- Born: 1742 Khyttsi, Sencha Hromada, Cossack Hetmanate (modern Ukraine)
- Died: 24 August 1825 (aged 82–83) Kiev, Russian Empire
- Style: icon painting, Painting

= Fedir Aaronsky =

Ukrainian artist (1742–1825)

Fedir Ivanovych Aaronsky (Фе́дір Іва́нович Ааро́нський) (around 1742, Hittsi Synetski, Hetmanate (now Hittsi, Lubny Raion, Poltava Oblast) — August 24, 1825, Kyiv) — Ukrainian painter, finift enamel artist, icon painter.

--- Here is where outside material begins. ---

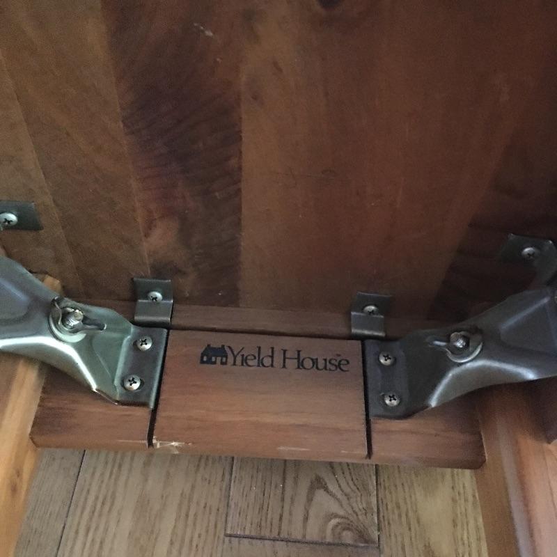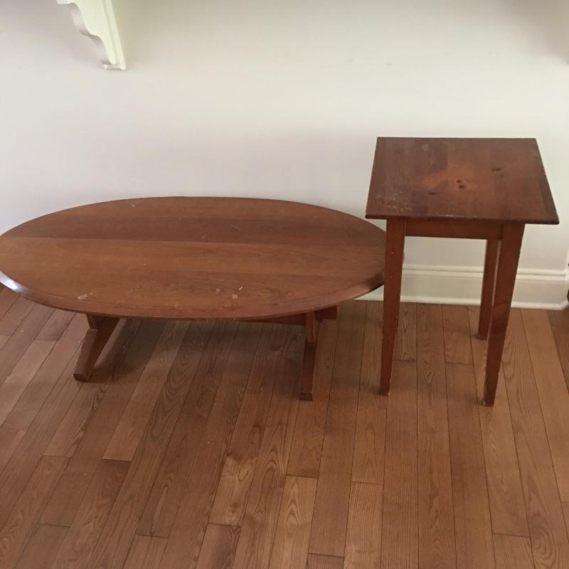 Pair of wooden tables. Lot includes oval coffee table and a Yield House side table.

In monastic life (from 1802) — Feodosiy.

== Works ==

- Portraits of Catherine I, Dmitry Rostovsky, Alexander Nevsky.
- Icons:
  - "Assumption of the Virgin,"
  - "Guardian Angels"
  - "Christ with a Crown of Thorns"
- Finift works:
  - a stand for the Gospel of the Church of Mykola Dobrogo (Kyiv; preserved in the Museum of Historical Treasures of Ukraine);
  - 8 decorations for the works of F. Sorokin (1789);
  - 4 medallions for an icon (1800);
  - decorations for a small altarpiece Gospel (frame by S. Rostovsky) and Apostle and Gospel (frame by Samson Strelbitsky; all — 1801). The Lavra presented the last two editions to Empress Yelizaveta Oleksiyivna and Emperor Alexander I.

After Aaronsky's death, 70 unfinished paintings and 83 finift works were left.